#### [PROMPT]
Using the data below, output a verbatim copy of the lines between the one holding "FRANSK Konsolur, palisander" and the one holding "泰安一中青年路校区2022级新生报到示意图", inclusive, without any pictures.

:: EXTRACTED DATA ::

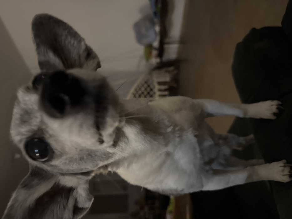 - "An indoor, close-up photograph depicts a small, short-haired dog, likely a Chihuahua, standing on a dark upholstered surface, possibly a sofa" by FM-Y9nKo2, licensed under CC BY 4.0
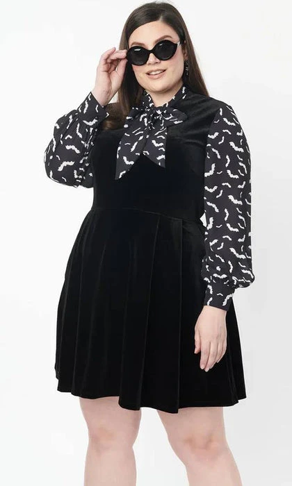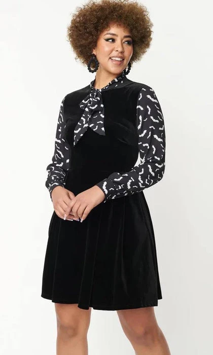 This bewitching flare dress is crafted in black velvet, framed by black long crepe sleeves and centered by a self tie neck bow that feature a spooky print of white bats. Outfitted with a back zipper and side pockets.
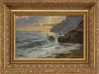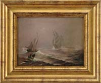 WILLIAM LESTER STEVENS (American 1888-1969) OFF PIGEON COVE. Oil on board coast line scene shows waves crashing on coastal rocky ledge with sailboats on water beyond and hillside shore beyond. Signed lower left “W. Lester Stevens N.A.”. Housed in a gesso gold decorated frame (as is). SIZE: 12” x 16”. CONDITION: Discolored varnish layer and surface dirt. There is a 1” chip in center that has been varnished over. Otherwise good. 9-90285 SM (2,500-3,500)
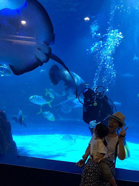 然後湊巧看到了潛水員在餵食,潛水員很調皮呢!他看到你們在拍照會跟你互動!好有趣耶
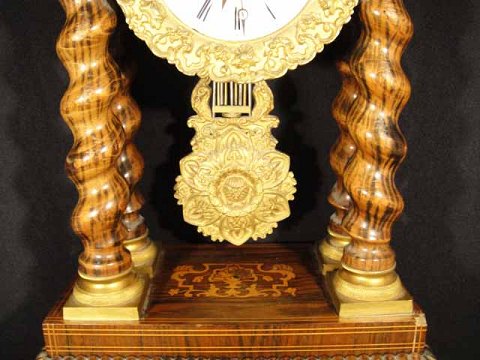 FRANSK Konsolur, palisander med intarsia af Citrontræ, urhus båret af drejede snoede søjler og Forgylde Bronzemontering.
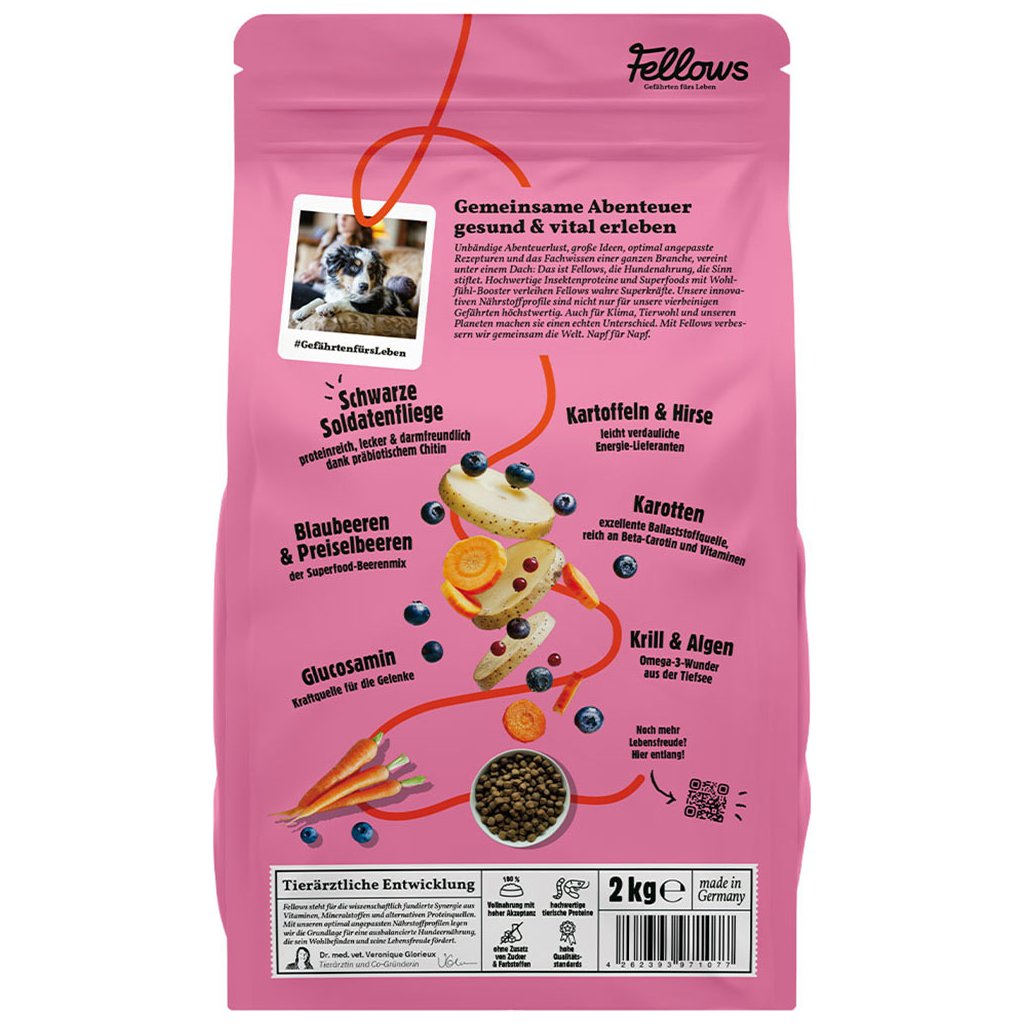 Hmyzí protein ve Fellows obsahuje všech dvacet aminokyselin nezbytných pro psy. Navzdory své malé velikosti hmyz nabízí nutriční výhody, které v mnoha ohledech předčí maso. Díky vysokému obsahu bílkovin jsou ideální pro psí krmivo. V kombinaci s dalšími složkami zajišťují druhově vhodnou stravu a podporují zdraví psa.
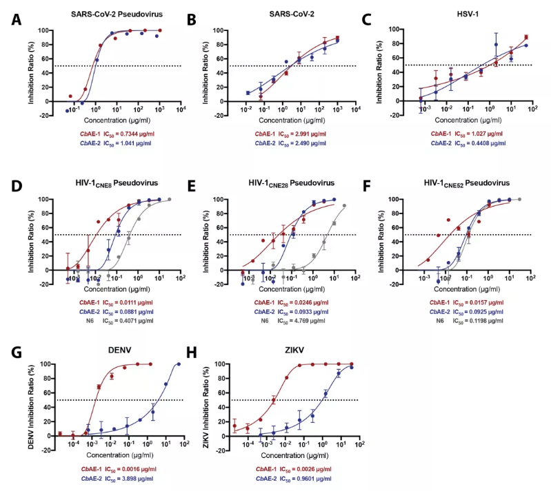 图1:抗病毒效应因子CbAE-1和CbAE-2抑制多种包膜病毒感染。(A)新冠病毒(SARS-CoV-2)假病毒;(B)新冠病毒(SARS-CoV-2);(C)单纯疱疹病毒(HSV);(D-F)人类免疫缺陷病毒(HIV)假病毒;(G)登革病毒(DENV);(H)寨卡病毒(ZIKV)
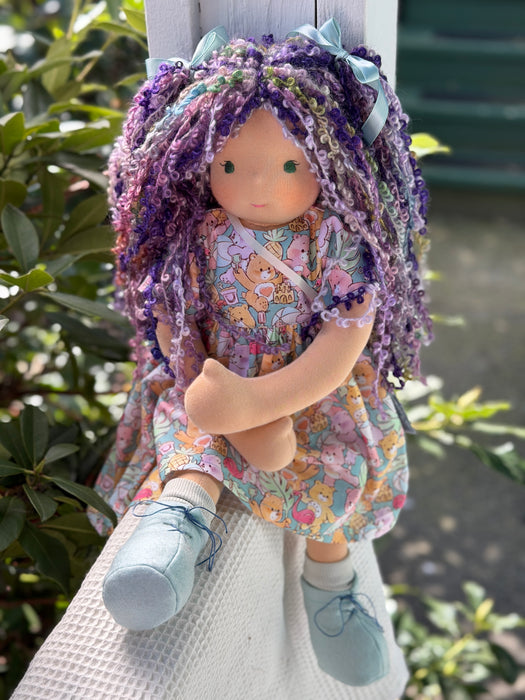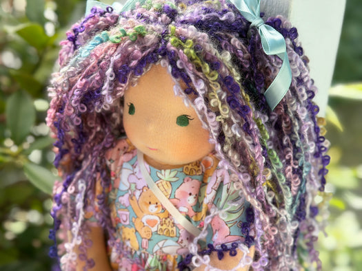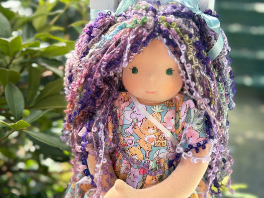 • Hair made from natural fibre yarns (like real hair, it may become a little frizzy with love and play, adding to its character!)
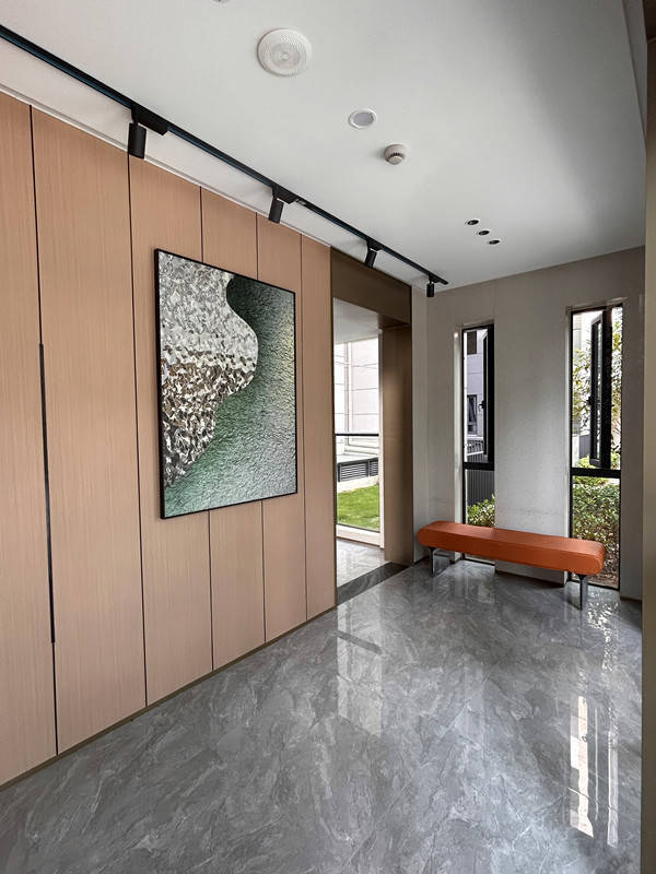 • 单元入户厅:不再是冰冷的电梯间。装饰壁画赋予艺术感,造型别致的艺术凳让等电梯的片刻也变得浪漫,归家仪式感从这里延续。
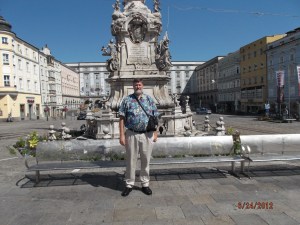 Mark at Trinity Column, Hauptplaz, one of the largest open shopping areas in Austria
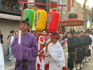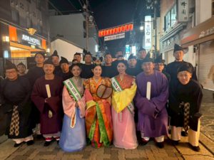 その後、奈良采女祭りの始まりとなる花扇奉納行列に参加し、天平衣装に着替えたメンバーはJR奈良駅から猿沢池ほとりの采女神社まで歩きました。
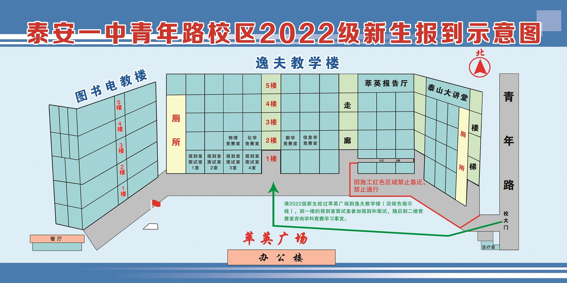 泰安一中青年路校区2022级新生报到示意图
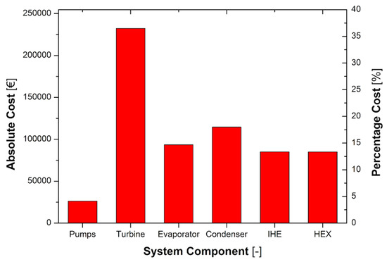 Furthermore, the economic viability of the integrated energy system was analysed and the different operating strategies were compared. To this purpose, the investment period was fixed to 20 years and the main assumptions for the economic investigation are summarised in Table 3. The cost of the integrated CHP system (ORC and HEX sub-systems) was evaluated equal to EUR 636,786 adopting the bare model cost [113]. Specifically, the initial investment for the selected supercritical ORC unit was evaluated equal to EUR 551,838, with a specific cost lower than 5500 €/kWel, while the cost of the HEX sub-system corresponds to about EUR 85,000. The absolute and percentage costs of the different components are visible in Figure 9. The turbine revealed the highest rate (36.5% of the integrated system), whereas the share costs of the four heat exchangers were similar and ranged between 13.3% of the HEX unit and 18.0% of the condenser. The pumps costs correspond to about 4%.
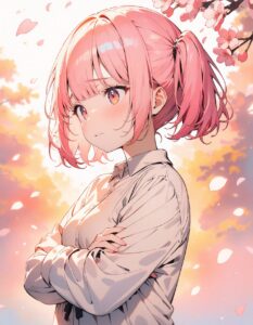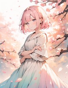 "Masterpiece, best quality, ultra-high resolution, highly detailed, 8k resolution, a cute shy girl with twin tails and a bob cut, soft pink hair with intricate details, standing with her arms crossed, in a gentle watercolor style. The background features a dreamy pastel color palette with flower petals floating gracefully in the warm, golden light. Cherry blossoms are scattered around, enhancing the serene atmosphere. The image has a delicate color wash, giving it a soft, ethereal feel."こんな感じで出力されます。
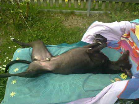 Auch mal wieder ein paar schöne Bilder fällig. Den Anfang macht Billy (verm. 09.03.2009), der es sich bei Andrea in München gut gehen lässt. Hier teilt er sich mit dem Opa den Liegestuhl. Danke Andrea!
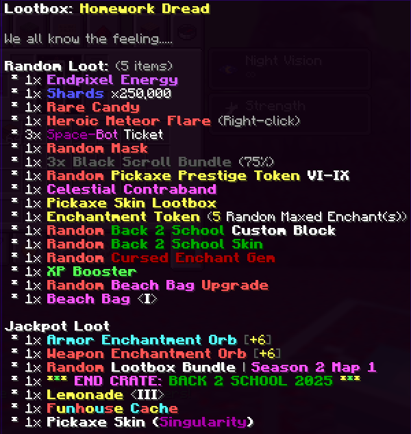 - 2x Lootbox: "Homework Dread"
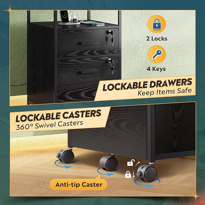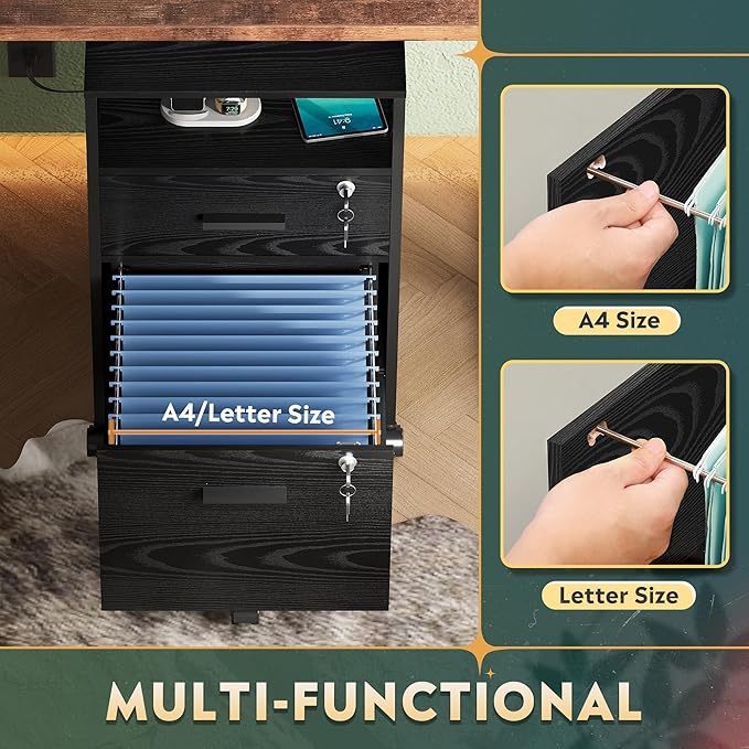 • Chargeable File Cabinet: This filing cabinet is equipped with AC power outlet and USB port, you can fix it next to or under desk, which ensure that you can charge cell phone, printer and other devices while you are working, and also enhance the convenience in home office.
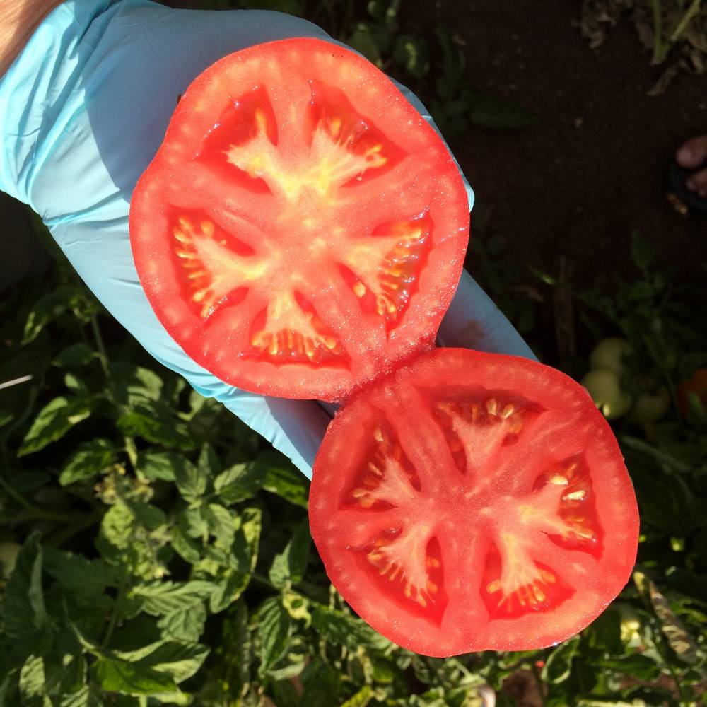 Όταν το κόβεις, βλέπεις ότι είναι ελαφρώς άγουρο. Αλλά εξακολουθεί να είναι πολύ νόστιμο. Έχει λίγο έλλειψη γλυκύτητας, αλλά νομίζω ότι αυτό φταίει το καλοκαίρι και η καταστροφική έλλειψη ήλιου. Παρόλα αυτά, οι ντομάτες του εμπορίου δεν μπορούν να συγκριθούν με τις δικές μου.
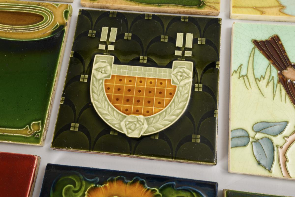 42 tiles with predominantly thread relief decoration, various floral motifs, some represented several times, 3x birds, 1x a coherent ornamental motif. Partly with added suspension. Slight signs of age and wear, minor defects in places.
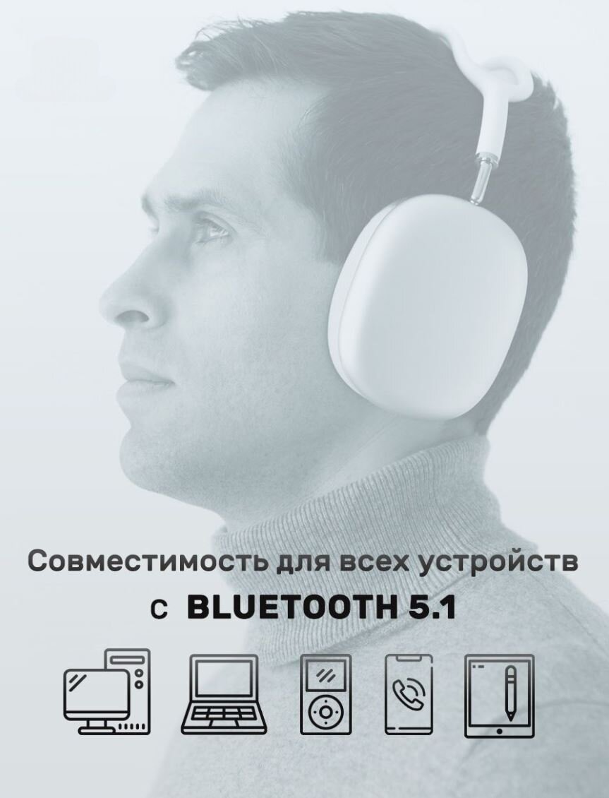Полноразмерные беспроводные наушники / Bluetooth 5.1 / TWS / MP3-плеер / AUX / Micro SD / Silver интересное:
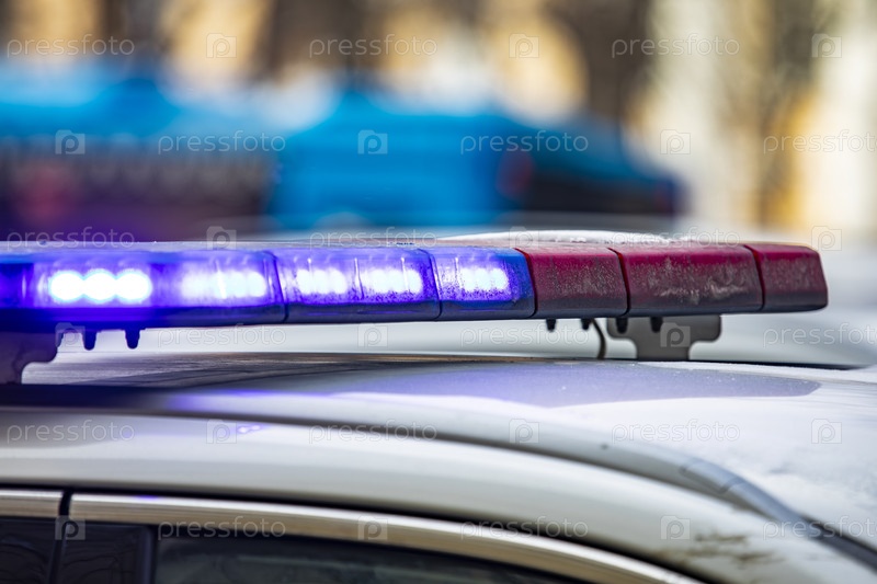 Проблесковый маячок на крыше полицейского автомобиля ДПС

:::

#### [ANSWER SPACE]
 FRANSK Konsolur, palisander med intarsia af Citrontræ, urhus båret af drejede snoede søjler og Forgylde Bronzemontering.
 Hmyzí protein ve Fellows obsahuje všech dvacet aminokyselin nezbytných pro psy. Navzdory své malé velikosti hmyz nabízí nutriční výhody, které v mnoha ohledech předčí maso. Díky vysokému obsahu bílkovin jsou ideální pro psí krmivo. V kombinaci s dalšími složkami zajišťují druhově vhodnou stravu a podporují zdraví psa.
 图1:抗病毒效应因子CbAE-1和CbAE-2抑制多种包膜病毒感染。(A)新冠病毒(SARS-CoV-2)假病毒;(B)新冠病毒(SARS-CoV-2);(C)单纯疱疹病毒(HSV);(D-F)人类免疫缺陷病毒(HIV)假病毒;(G)登革病毒(DENV);(H)寨卡病毒(ZIKV)
 • Hair made from natural fibre yarns (like real hair, it may become a little frizzy with love and play, adding to its character!)
 • 单元入户厅:不再是冰冷的电梯间。装饰壁画赋予艺术感,造型别致的艺术凳让等电梯的片刻也变得浪漫,归家仪式感从这里延续。
 Mark at Trinity Column, Hauptplaz, one of the largest open shopping areas in Austria
 その後、奈良采女祭りの始まりとなる花扇奉納行列に参加し、天平衣装に着替えたメンバーはJR奈良駅から猿沢池ほとりの采女神社まで歩きました。
 泰安一中青年路校区2022级新生报到示意图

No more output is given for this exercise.